This is an extract from the book, The Maroon Within Us: Selected Essays on African American Community Socialization by Asa G. Hilliard, lll


A people loosing sight of origins is dead, a people deaf to purposes are lost. Under fertile rains under scorching sunshine there is no difference: their bodies are mere corpses, awaiting final burial.    
          - Ayi Kwei Armah

In most places where people raise sheep, a special dog with a special training is used to watch a flock of sheep. If one of the sheep wanders, the sheepdog will bring it back. This dog will protect the sheep flock from all other animals, including other dogs. When the sheepdog is with his master, it is usually described as loyal, gentle, and intelligent. But the most striking part of the sheepdog's behaviour are all from the point of view of the master and involve the master's needs. The dog's own needs are not really considered, other than to determine how those needs may be used by the master to make the dog do what the master wishes.

How does this happen? How does a dog come to loose interest in it's own independent direction or in the direction which, as a member of a "dog family," is expected to keep? This is how it is done: At birth, the puppy is separated almost at once from all other dogs - from its brothers and sisters, from its family. It is then placed into a pen where there are nothing but sheep, including young lambs who are nursing. In its normal drive to satisfy hunger, it seeks out a ewe and tries to nurse from her, along with the other lambs. When it is successful, it continues, and is raised with sheeps and lambs until until it is sufficiently developed to be trained. Notice here that it continues to look like a dog as well. It will leave the track of a dog and have the speed and stregnth of a dog. Yet, while it has the intelligence of a dog it will develope the mind of a sheep!  Once that happens, it no longer acts like, or in the interest of itself as a dog, or in the interest of other dogs. Notice also that this dog has mastered the "basic skills," from its master's point of view. It would have passed very high on the "D.A.T." "Dog Aptitude Test." Moreover, it will see its own brothers and sisters as "the enemy" since this dog does not know them as brothers or sisters.

What does this story teach? For the dog's master to work his will with the dog, he establishes a training, not an eductional process that had certain key features in it:

!. The dog was separated from its family and group at an early age.
2. It was continually isolated from them during its learning years.
3. It was placed into a sheep's (alien) environment.
4. It was fed a sheeps (alien) diet.
5. It was given a "special education"
6. It was totally dependent upon the master and never allowed to hunt for itself.
7. All the decisions about its training were made outside of the family and without its consultation.

Now one can see what must have happened to the dog so that it will dedicate its life to the service of others while seeing his own family as the enemy. Because of separation, it lost its people's collective memory or history. Without memory or history, neither the present nor the future can be interpreted. This is the first step towards developing dependency. The dog becomes totally dependent on the knowledge and interpretations of others. Because of isolation from its "people," it can not learn the normal survival rules and agenda for dogs. It can not learn from the experiences of other dogs nor test its sense of reality with theirs.
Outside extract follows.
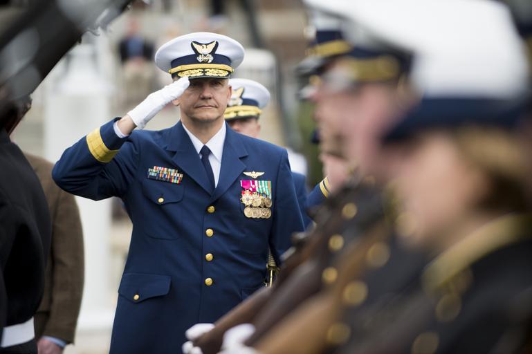 | Keywords: select outdoor NEW LONDON, Conn. -- The U.S. Coast Guard Academy Corps of Cadets conducts a regimental review April 1, 2016. Capt. Vincent Wilczynski (U.S. Coast Guard Ret.), recently named Professor Emeritus, acted as the event's reviewing official. U.S. Coast Guard photo by Petty Officer 2nd Class Cory J. Mendenhall. NEW LONDON, Conn. -- The U.S. Coast Guard Academy Corps of Cadets conducts a regimental review April 1, 2016. Capt. Vincent Wilczynski (U.S. Coast Guard Ret.), recently named Professor Emeritus, acted as the event's reviewing official. U.S. Coast Guard photo by Petty Officer 2nd Class Cory J. Mendenhall. |

It even loses opportunity to learn dog "language" so that it can "ask the questions" later on.

Because it grows up in a sheep's environment, it begins to live in a world of illusions, seeing itself as a sheep. Because it is nurtured on an alien diet, it comes to crave that diet and to depend upon those who could provide it, since it can not produce the diet for itself. Because of its "special education" it accepts training and confuses it with education (critical awareness). Because it is dependent, it can never challenge the master or "bite the hand that feeds it." Because none of the decisions about its training or education can be made by its parents, family, or community, and because it can only agree or disagree with what is provided, it becomes a living, breathing, highly skilled, and quite intelligent, robot. But to all outward appearances, few would ever know.